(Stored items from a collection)
════
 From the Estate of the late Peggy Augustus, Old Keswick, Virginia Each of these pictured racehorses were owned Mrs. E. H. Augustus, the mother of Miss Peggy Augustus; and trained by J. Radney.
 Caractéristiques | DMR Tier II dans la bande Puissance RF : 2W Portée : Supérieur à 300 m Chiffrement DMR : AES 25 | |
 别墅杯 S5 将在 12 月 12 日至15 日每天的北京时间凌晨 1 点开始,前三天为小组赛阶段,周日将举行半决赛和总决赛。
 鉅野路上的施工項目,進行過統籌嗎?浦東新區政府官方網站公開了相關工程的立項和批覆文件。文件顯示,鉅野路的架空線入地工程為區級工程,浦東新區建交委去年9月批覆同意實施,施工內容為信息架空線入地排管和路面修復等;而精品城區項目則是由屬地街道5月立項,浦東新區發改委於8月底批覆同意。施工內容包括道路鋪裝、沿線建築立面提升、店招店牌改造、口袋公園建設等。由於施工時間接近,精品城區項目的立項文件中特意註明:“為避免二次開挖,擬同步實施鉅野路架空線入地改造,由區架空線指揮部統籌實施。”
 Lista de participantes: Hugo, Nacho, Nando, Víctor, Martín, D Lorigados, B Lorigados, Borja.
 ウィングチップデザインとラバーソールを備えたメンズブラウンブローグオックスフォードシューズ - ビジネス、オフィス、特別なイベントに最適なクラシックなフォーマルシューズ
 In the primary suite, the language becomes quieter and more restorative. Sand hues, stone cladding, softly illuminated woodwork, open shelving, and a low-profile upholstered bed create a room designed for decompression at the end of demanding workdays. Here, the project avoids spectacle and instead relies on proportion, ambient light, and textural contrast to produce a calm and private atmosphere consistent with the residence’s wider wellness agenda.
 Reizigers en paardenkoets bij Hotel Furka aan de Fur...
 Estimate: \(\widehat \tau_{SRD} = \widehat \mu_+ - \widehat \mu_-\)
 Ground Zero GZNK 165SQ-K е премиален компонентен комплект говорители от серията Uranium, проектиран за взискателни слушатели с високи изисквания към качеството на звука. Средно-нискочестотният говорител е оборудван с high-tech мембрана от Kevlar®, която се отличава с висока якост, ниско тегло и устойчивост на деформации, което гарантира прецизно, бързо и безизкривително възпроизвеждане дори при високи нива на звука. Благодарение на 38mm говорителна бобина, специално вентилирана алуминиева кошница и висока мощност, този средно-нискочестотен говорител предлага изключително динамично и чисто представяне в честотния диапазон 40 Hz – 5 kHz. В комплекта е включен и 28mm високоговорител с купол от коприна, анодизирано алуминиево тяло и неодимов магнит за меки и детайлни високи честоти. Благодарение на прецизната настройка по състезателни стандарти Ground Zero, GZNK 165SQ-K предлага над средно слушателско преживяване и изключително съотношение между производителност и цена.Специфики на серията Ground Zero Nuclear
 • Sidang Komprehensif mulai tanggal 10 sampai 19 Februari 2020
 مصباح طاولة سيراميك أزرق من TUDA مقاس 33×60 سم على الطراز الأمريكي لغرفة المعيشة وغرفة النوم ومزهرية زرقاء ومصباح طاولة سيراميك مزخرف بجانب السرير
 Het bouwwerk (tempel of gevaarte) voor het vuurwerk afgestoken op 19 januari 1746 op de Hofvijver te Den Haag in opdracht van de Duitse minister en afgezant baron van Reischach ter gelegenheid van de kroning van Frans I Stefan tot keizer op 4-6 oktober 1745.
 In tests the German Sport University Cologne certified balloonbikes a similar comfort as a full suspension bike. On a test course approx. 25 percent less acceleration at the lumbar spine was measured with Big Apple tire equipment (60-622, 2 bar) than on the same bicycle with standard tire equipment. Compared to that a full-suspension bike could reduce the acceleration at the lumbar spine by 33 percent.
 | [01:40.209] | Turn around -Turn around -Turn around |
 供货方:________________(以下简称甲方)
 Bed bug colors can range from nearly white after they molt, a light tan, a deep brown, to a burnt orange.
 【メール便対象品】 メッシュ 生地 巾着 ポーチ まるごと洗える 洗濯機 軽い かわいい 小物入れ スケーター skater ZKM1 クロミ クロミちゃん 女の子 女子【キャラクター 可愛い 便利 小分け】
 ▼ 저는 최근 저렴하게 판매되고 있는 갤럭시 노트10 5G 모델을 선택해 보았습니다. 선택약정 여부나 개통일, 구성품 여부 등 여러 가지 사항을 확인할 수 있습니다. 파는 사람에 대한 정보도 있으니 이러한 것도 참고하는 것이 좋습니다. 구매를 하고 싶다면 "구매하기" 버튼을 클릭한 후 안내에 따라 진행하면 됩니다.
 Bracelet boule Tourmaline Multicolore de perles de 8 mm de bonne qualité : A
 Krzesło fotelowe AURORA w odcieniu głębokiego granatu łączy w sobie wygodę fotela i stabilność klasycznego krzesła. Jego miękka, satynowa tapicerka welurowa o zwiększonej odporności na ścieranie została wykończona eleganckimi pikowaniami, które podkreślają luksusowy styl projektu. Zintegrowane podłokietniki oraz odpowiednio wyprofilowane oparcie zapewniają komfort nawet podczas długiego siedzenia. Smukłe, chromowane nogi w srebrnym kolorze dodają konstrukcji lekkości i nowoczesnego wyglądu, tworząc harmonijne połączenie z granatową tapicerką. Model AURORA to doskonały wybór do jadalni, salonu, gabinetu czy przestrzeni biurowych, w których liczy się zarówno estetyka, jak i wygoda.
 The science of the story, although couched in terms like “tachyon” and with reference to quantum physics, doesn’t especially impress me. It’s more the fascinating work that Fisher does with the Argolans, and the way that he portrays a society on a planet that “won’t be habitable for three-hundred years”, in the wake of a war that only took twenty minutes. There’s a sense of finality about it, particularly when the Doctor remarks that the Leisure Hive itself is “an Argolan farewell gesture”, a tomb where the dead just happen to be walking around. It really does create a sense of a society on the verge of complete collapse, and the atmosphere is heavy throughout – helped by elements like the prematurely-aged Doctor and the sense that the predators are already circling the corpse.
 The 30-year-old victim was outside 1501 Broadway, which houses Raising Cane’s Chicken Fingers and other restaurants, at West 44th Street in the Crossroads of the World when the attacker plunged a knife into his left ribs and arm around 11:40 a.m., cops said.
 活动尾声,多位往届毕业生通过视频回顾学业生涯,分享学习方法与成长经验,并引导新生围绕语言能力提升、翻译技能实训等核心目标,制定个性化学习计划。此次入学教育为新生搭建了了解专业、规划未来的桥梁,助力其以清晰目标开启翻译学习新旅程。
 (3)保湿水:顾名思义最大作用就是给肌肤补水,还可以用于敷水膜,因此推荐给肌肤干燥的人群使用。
════
• **Activity**
Taking the lines above, repeat exactly those from the line that contains "Bed bug colors" through the line that contains "Bracelet boule Tourmaline", and both of those lines as well. Include nothing else.

• **Written response**
 Bed bug colors can range from nearly white after they molt, a light tan, a deep brown, to a burnt orange.
 【メール便対象品】 メッシュ 生地 巾着 ポーチ まるごと洗える 洗濯機 軽い かわいい 小物入れ スケーター skater ZKM1 クロミ クロミちゃん 女の子 女子【キャラクター 可愛い 便利 小分け】
 ▼ 저는 최근 저렴하게 판매되고 있는 갤럭시 노트10 5G 모델을 선택해 보았습니다. 선택약정 여부나 개통일, 구성품 여부 등 여러 가지 사항을 확인할 수 있습니다. 파는 사람에 대한 정보도 있으니 이러한 것도 참고하는 것이 좋습니다. 구매를 하고 싶다면 "구매하기" 버튼을 클릭한 후 안내에 따라 진행하면 됩니다.
 Bracelet boule Tourmaline Multicolore de perles de 8 mm de bonne qualité : A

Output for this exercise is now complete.